Institute of Inorganic Chemistry of the CAS

Study place:	Institute of Inorganic Chemistry of the CAS
Guaranteeing Departments:	Institute of Inorganic Chemistry of the CAS
Study Programme/Specialization:	Chemistry ( in English language )
Supervisor:	Kaplan Kirakci, Ph.Dr.
Expected Form of Study:	Full-time
Expected Method of Funding:	Scholarship + salary

Annotation

Our work involves the synthesis of Mo6 clusters along with studies of their stability, luminescence, and biological activity. While these clusters traditionally generate singlet oxygen upon activation by visible light,we have recently demonstrated that they can also be efficiently excited by X-rays. Our most recent results in radiodynamic therapy (RDT) show that Mo6 clusters can act as effective radiosensitizing agents capable of producing cytotoxic species in deep tumor tissues with reduced oxygen levels. Consequently, these clusters represent a valuable platform for the development of next-generation therapeutics aimed at enhancing cancer radiotherapy.

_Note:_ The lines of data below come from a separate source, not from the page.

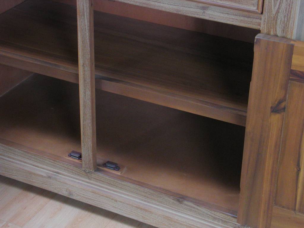 Bovenin 4 lades naast elkaar met daaronder 4 deurtjes naast elkaar. Achter iedere 2 deurtjes bevindt zich één open vak met een brede losse legplank.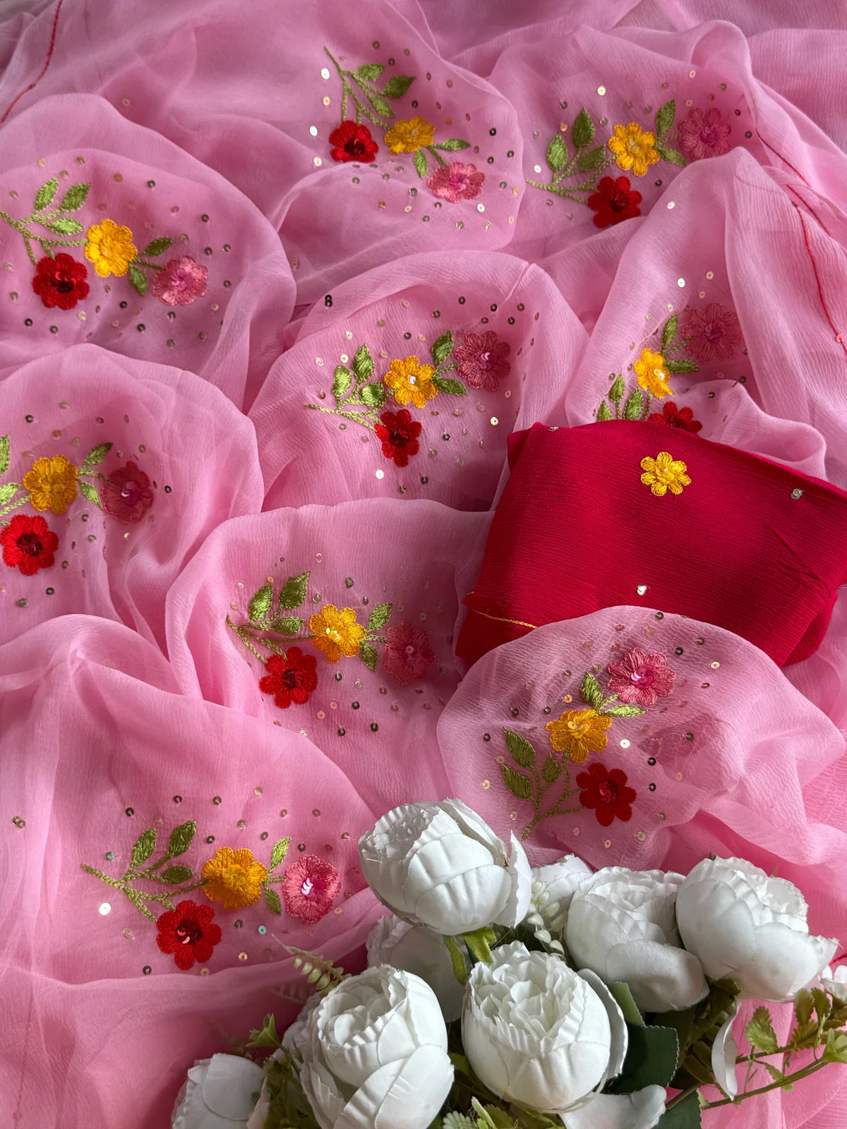 Elevate your style with our Hand Embroidered aari work Chiffon saree. Crafted with intricate hand embroidery, this saree is a timeless piece of art. Made with high-quality chiffon, it offers both elegance and comfort. Perfect for any occasion, this saree is a must-have addition to your wardrobe.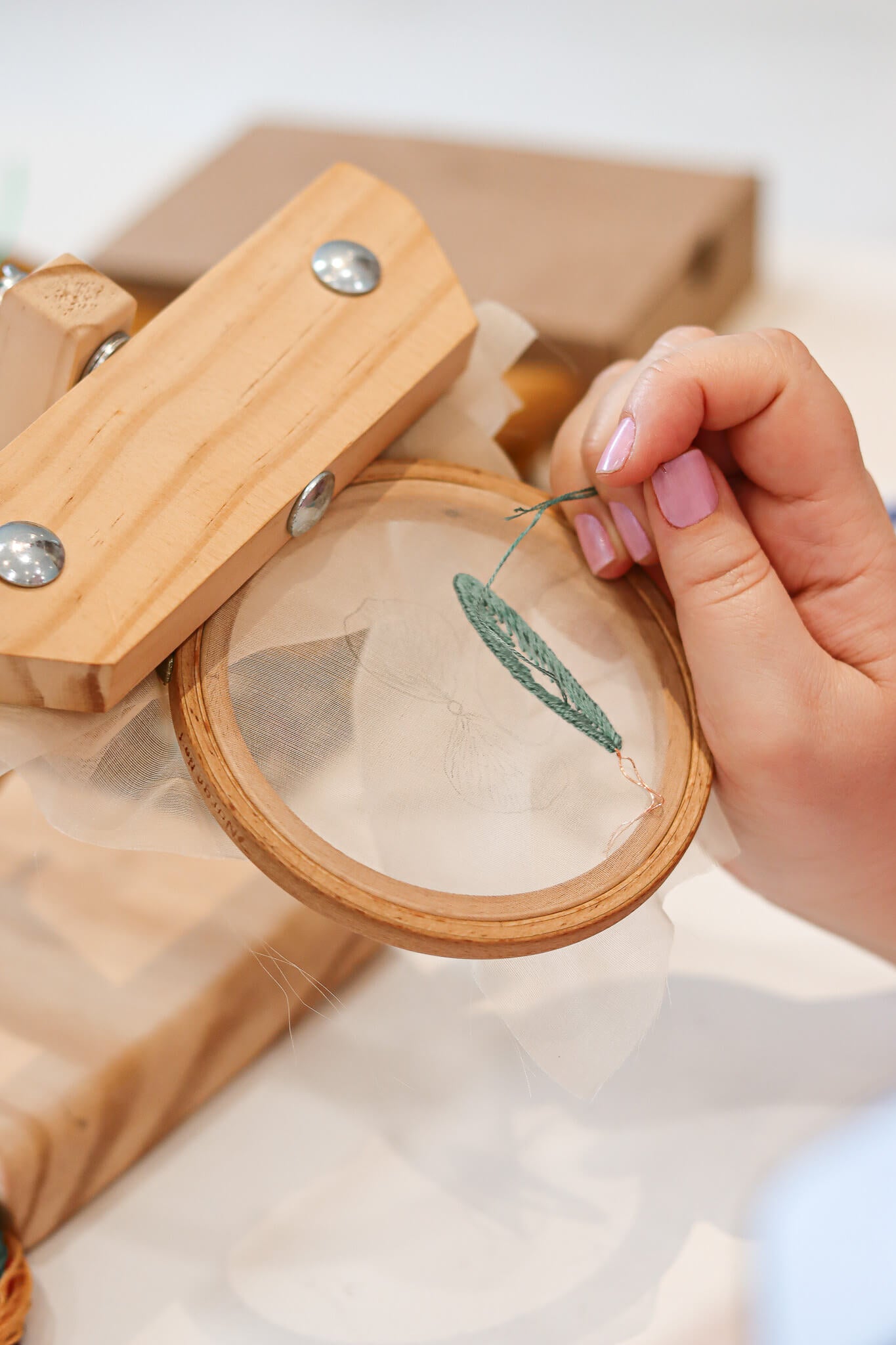 Seu toque crocante e firme permite criar efeitos de volume, camadas e transparência, ideais para o bordado 3D ou sobreposições sutis que dão vida e movimento às criações.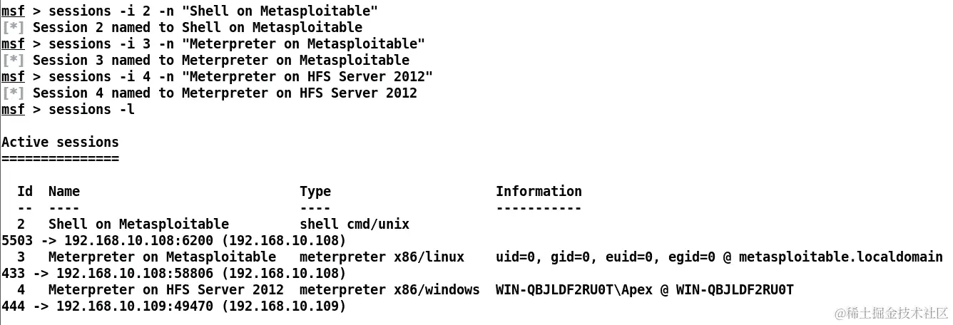 在一个庞大的渗透测试场景中,我们可能会得到大量的系统和 Meterpreter shell。在这种情况下,最好为所有 shell 命名以便于识别。考虑以下情景: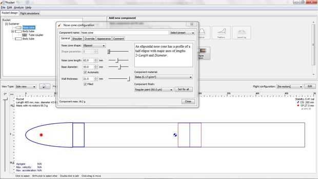 Ahora haga clic en el botón cono de nariz. Um, lo que, la nariz no puede ir en la parte posterior. Está bien, sólo cierre la ventana de propiedades de nc y haga clic en el botón "subir" hasta que quede donde debe estar. Haciendo doble clic en la cualquier nc CN o sí mismo en la lista de la izquierda. Ahora podemos configurar nuestras propiedades. Bajo material desplazarse hacia arriba y balsa seleccione y haga clic en el botón de llenado hacia la izquierda. Después de seleccionar la forma de nc que desee, yo recomendaría un elipsoide para comenzar con. Siguiente ir a la ficha de hombro establece el tamaño de los hombros, el diámetro debe ser el mismo que el id de la BT al ajustar el espesor del hombro situado a mitad del diámetro ya que es una pieza sólida.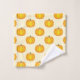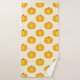 This towel features Destei's pattern of cartoon illustrated pumpkins on a light yellow background colour.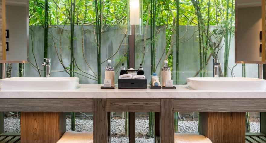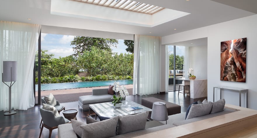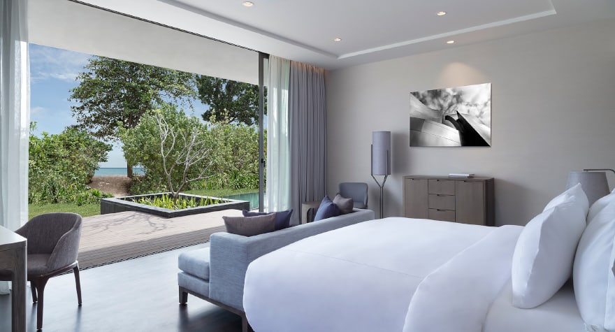 在专属奢华海滨官邸中,尽享精致私密的梦幻热带假期。 每日于清风徐来的全日餐厅享用早餐与午餐,更可尊享餐饮与水疗专属优惠。 您的奢华官邸配备贴心管家服务,卧室布置雅致,可眺望修剪整齐的草坪与湛蓝海景;厨房设备齐全,配有高端家电;宽敞通透的浴室设有浸泡浴缸与静谧景致,让您在宁静氛围中尽享彻底的身心放松。

Study place:	Institute of Inorganic Chemistry of the CAS
Guaranteeing Departments:	Institute of Inorganic Chemistry of the CAS
Study Programme/Specialization:	Chemistry ( in English language )
Supervisor:	Mgr. Jan Hynek, Ph.D.
Expected Form of Study:	Full-time
Expected Method of Funding:	Scholarship + salary

Annotation

The constantly increasing world consumption of energy and the connected environmental problems require the development of new ecological energy sources, which includes a wider utilization of fuel cells and batteries. Proton-exchange membranes are an important part of the devices that separates the space of electrode half-cell reactions. Up to now, proton-exchange membranes are made of mainly conductive polymers which have several drawbacks; high manufacturing price, permeability for some fuels or amorphous character, which does not allow deeper understanding of the transport mechanism. Metal-organic frameworks (MOFs) are crystalline porous coordination polymers composed of metallic nodes interconnected by two- or multidentate organic ligands. The crystalline character of MOFs, the presence of pores, the possibility of rational design of the structures and tuning psysicochemical properties of the pores make MOFs suitable candidates for proton conductive materials. The aim of the work is preparation of new MOFs based on N-heterocyclic phosphonate building blocks trying to maximize their proton conductivity. By introducing phosphonate or phosphinate functional groups onto various N-heterocyclic molecules (bipyridine, pyrazine, imidazole), new ligands will be synthetized, from which new coordination polymers will be prepared and the proton conductivity of the resulting materials will be studied.